O caso da ONG que queria aprender e ensinar gestão
16 de Julho de 2018 às 07:00
Há alguns anos fui gestor de uma ONG que trabalhava com inclusão digital.

Tínhamos duas principais bases de apoio, que respondiam por mais de 90% de nossas fontes de recurso. Para diminuir nossa dependência, começamos a levantar alternativas: investir mais na captação com pessoas físicas? Focar em grandes doadores? Também havia uma potencial e promissora parceria com o governo do estado – um valor considerável de uma vez só, mas com muitas amarras e data quase certa para acabar. Ou ainda, quem sabe, a gente podia empacotar nossa premiada metodologia de combinar tecnologia e cidadania e vender serviços, gerar renda própria... você, caro leitor, cara leitora: no meu lugar, o que faria?

Esse parágrafo dá uma pequena ideia do que são casos de ensino: um método de aprendizado que traz dilemas reais para a sala de aula. O propósito é que os alunos se coloquem no lugar de um gestor que está em um momento crítico e precisa tomar uma decisão relevante. Ao ler o caso, que pode variar de 2 a até 30 páginas, tomamos contato com o problema, a organização, o gestor e outros personagens relevantes e temos a chance de analisar as possíveis alternativas de ação, pesando prós e contras e cada opção.

Nas últimas décadas, os casos têm sido a base do ensino de gestão executiva nos estados unidos, em muitos países da Europa e da Ásia e, crescentemente, no Brasil. Um importante avanço se deu em 2011, quando foi lançada a primeira revista online exclusivamente voltada à produção e disseminação de casos brasileiros, a GVcasos, de acesso gratuito para baixar e ler os casos.

O que podemos aprender com casos de ensino? Em primeiro lugar, a fazer boas perguntas. Como simulação da realidade, a maior parte dos casos não vem com toda a análise já mastigada – é preciso treinar nosso olhar e ir além dos problemas aparentes, superficiais. Além disso, o caso permite o treino da análise de da argumentação. A leitura e reflexão individual é importante, mas a real riqueza do caso aparece na discussão em grupo, quando as análises são questionadas, testadas e melhoradas. Finalmente, o caso é uma ótima forma de entender e treinar como gestores tomam decisões. Em essência, é isso que líderes, coordenadores, diretores fazem: decidem contratar ou demitir alguém; investir em uma nova ideia ou terminar um projeto; comprar ou não um novo sistema para captação de recursos...

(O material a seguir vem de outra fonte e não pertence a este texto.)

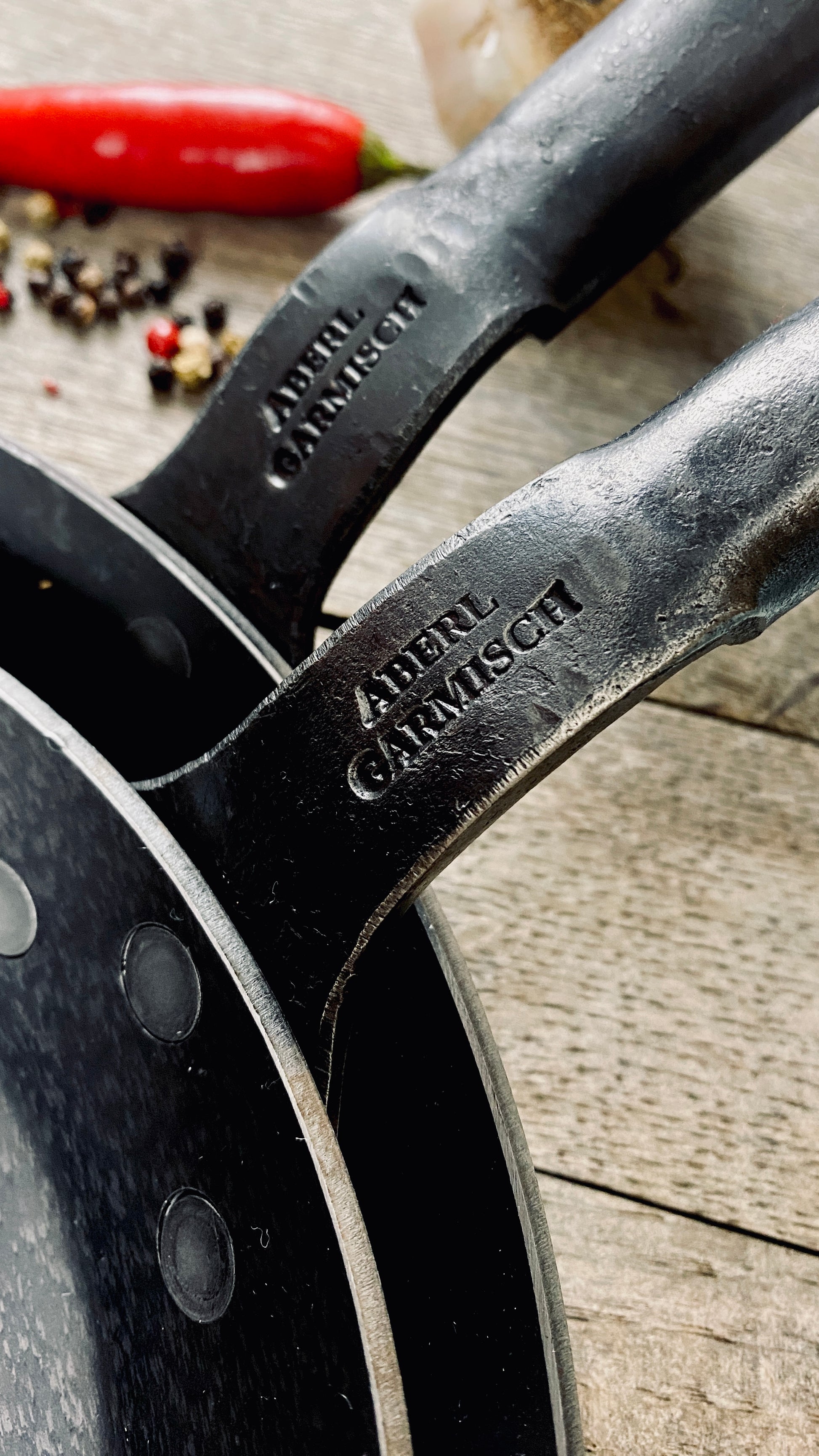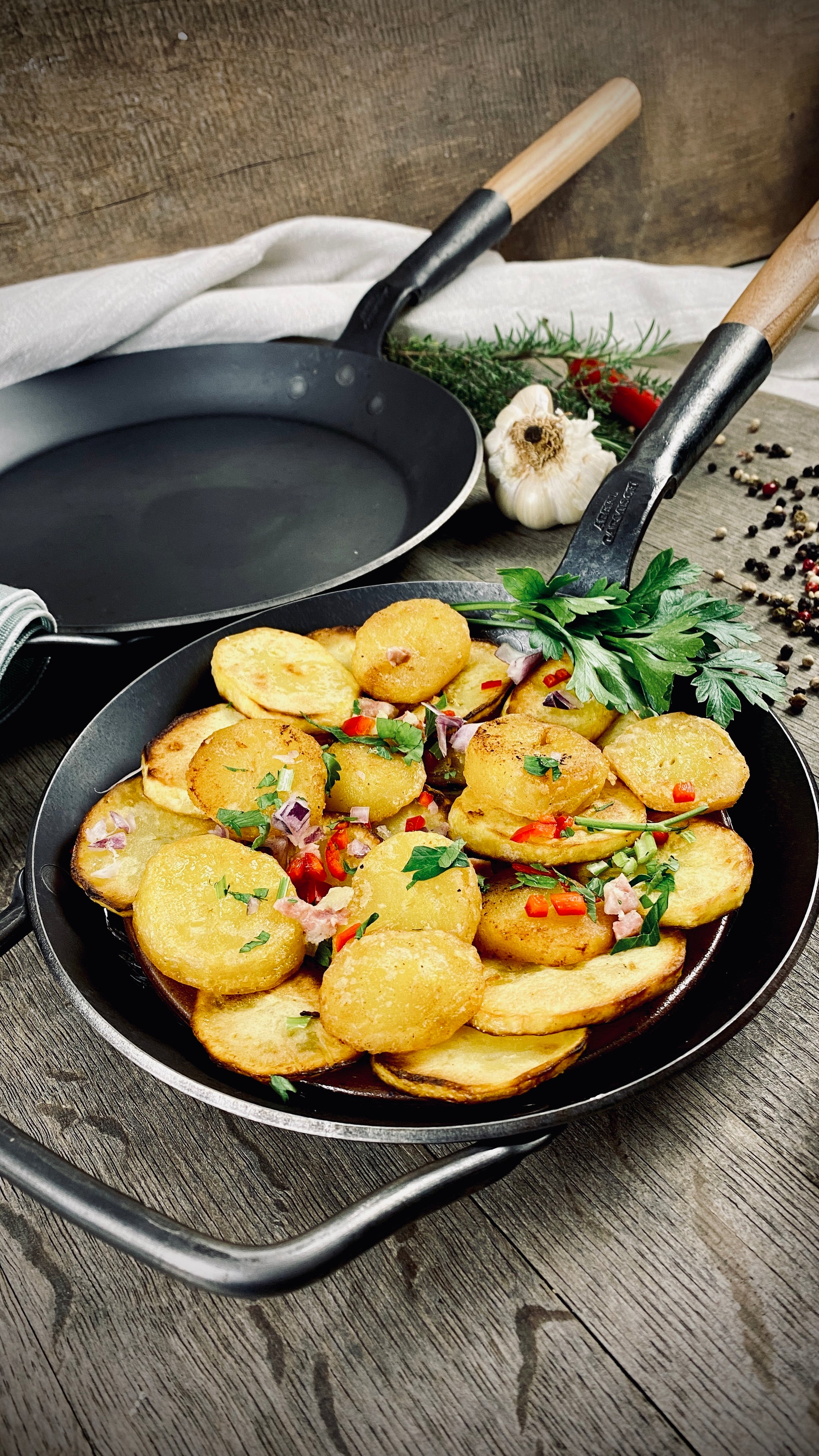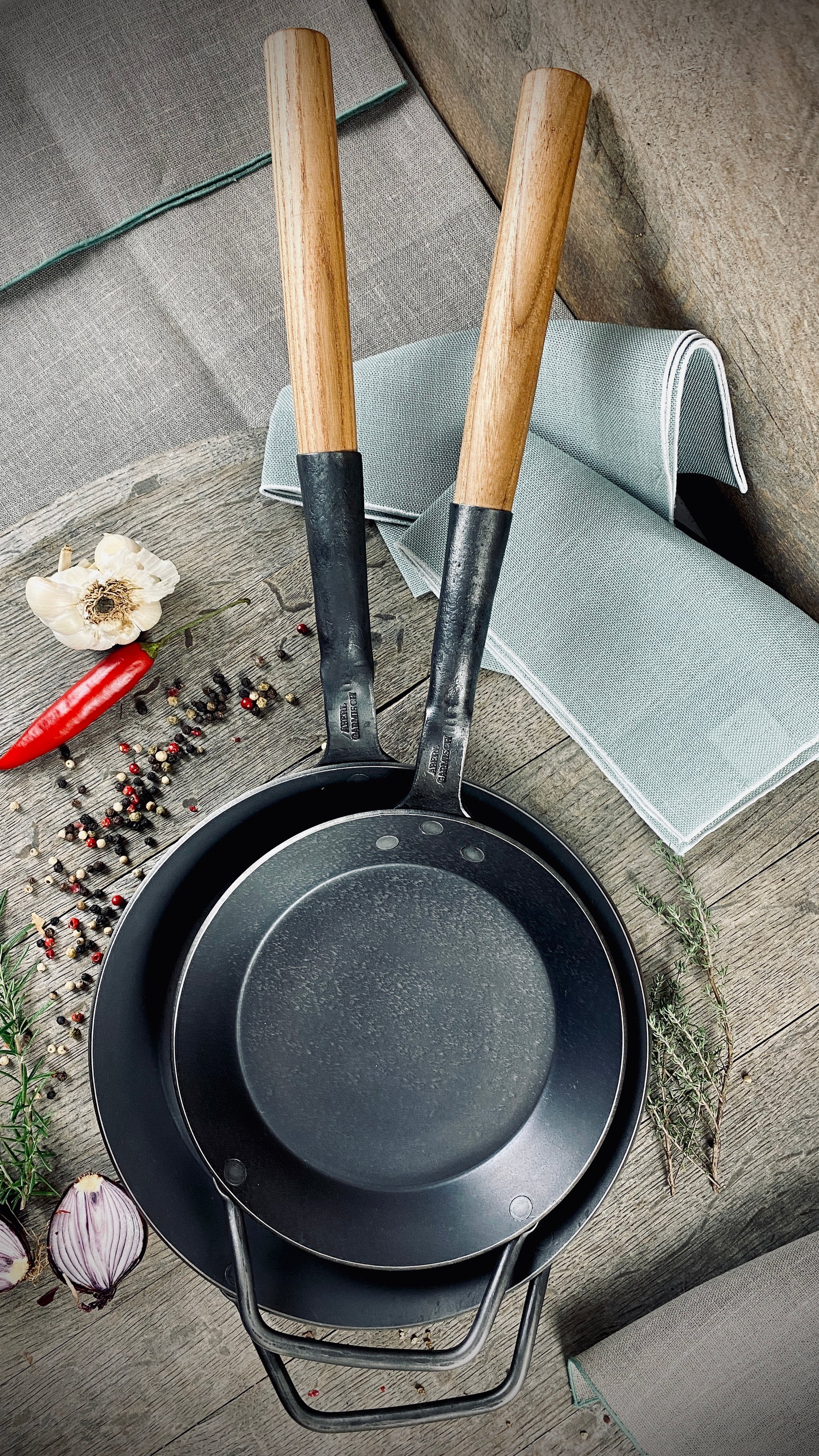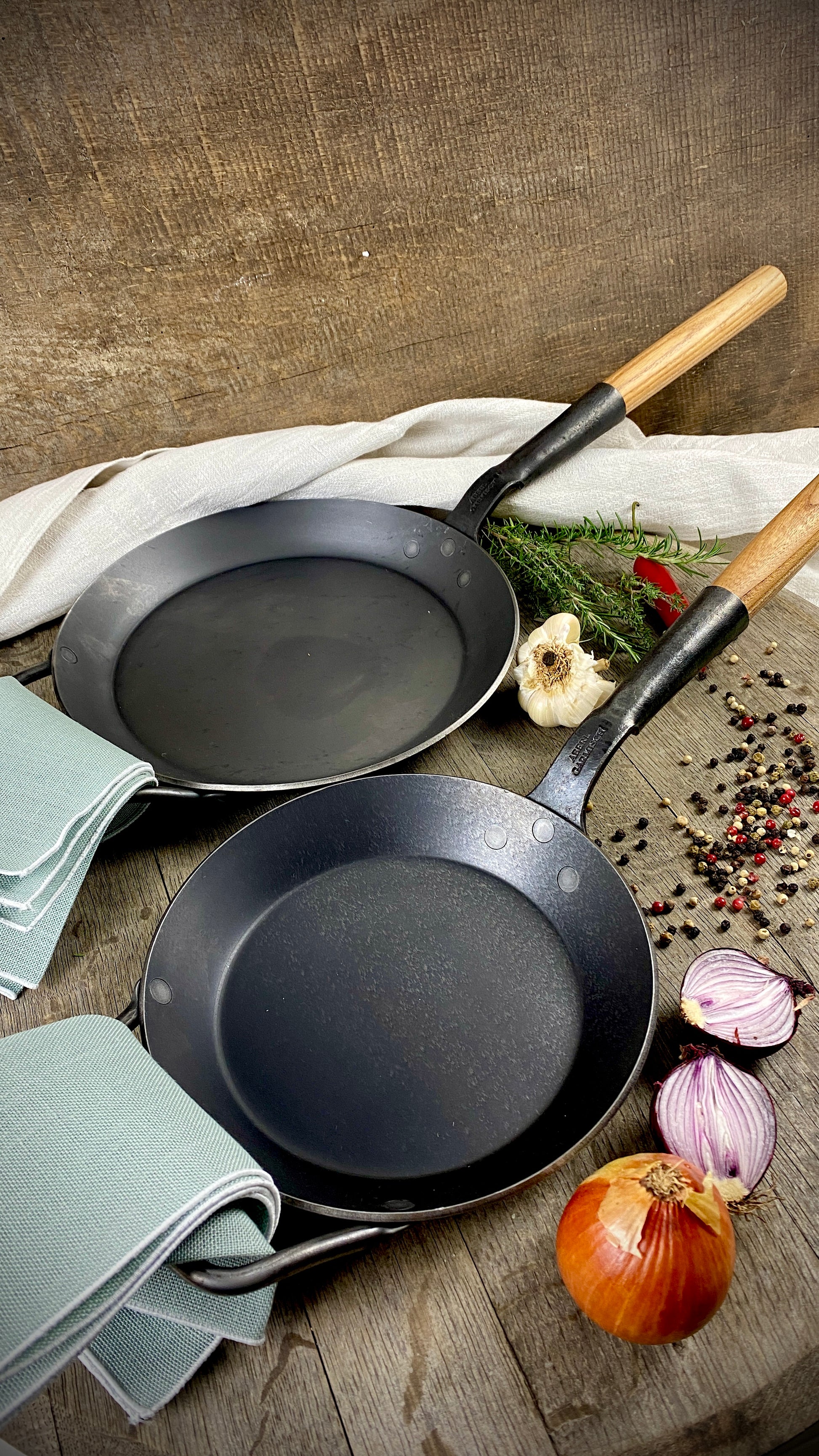 The centerpiece of the range: pans made of 3 mm thick wrought iron, with or without wooden handles, optionally with a hooked handle or two handles. They are completely uncoated, have a natural scale layer, and – unlike other iron pans – do not require seasoning. This means they're ready for use right away and offer an authentic frying experience from the very first moment.

Já existem alguns casos sobre os desafios do terceiro setor brasileiro, mas ainda são poucos: certamente há potencial para muito mais! Conheço um do IDEC e seus desafios na busca de sua auto-sustentabilidade; tem outro de uma cooperativa de catadores de lixo em Belo Horizonte que vive um dilema de base: deveriam buscar o caminho da profissionalização ou realçar sua essência de
movimento social? Há ainda casos sobre hospitais filantrópicos, institutos que fazem investimento social, entre outros, mas estão longe de esgotar a riqueza e a complexidade das organizações de nossa sociedade civil.

Faço o convite para que os leitores busquem mais informações sobre casos e possam se envolver tanto no uso de casos para capacitação e desenvolvimento de equipe como buscando parceiros da academia para escrever um caso de ensino tendo seus dilemas como foco do texto. Não é uma decisão fácil: bons casos de ensino não se propõem a enaltecer a organização ou sua gestora, mas sim a mostrar a realidade em torno de um dilema em toda sua complexidade.

Como bem sabem os contadores de histórias, as boas narrativas precisam de tensão e conflito para ter credibilidade e engajar sua audiência. Ter a coragem de se expor com um retrato honesto das conquistas e fraquezas das organizações pode resultar em melhores discussões e uma admiração real dos leitores. Nada como perguntar “e você, o que faria no meu lugar?” para que alguém comece a entender a beleza e a complexidade que é gerir uma organização sem fins lucrativos.





Fernando Nogueira é professor na FGV-EAESP, onde se titulou como mestre e doutor em Administração Pública e Governo. É consultor em gestão de associações sem fins lucrativos, colaborador-voluntário da Associação Brasileira de Captadores de Recursos (ABCR) e presidente do Conselho do Instituto Doar.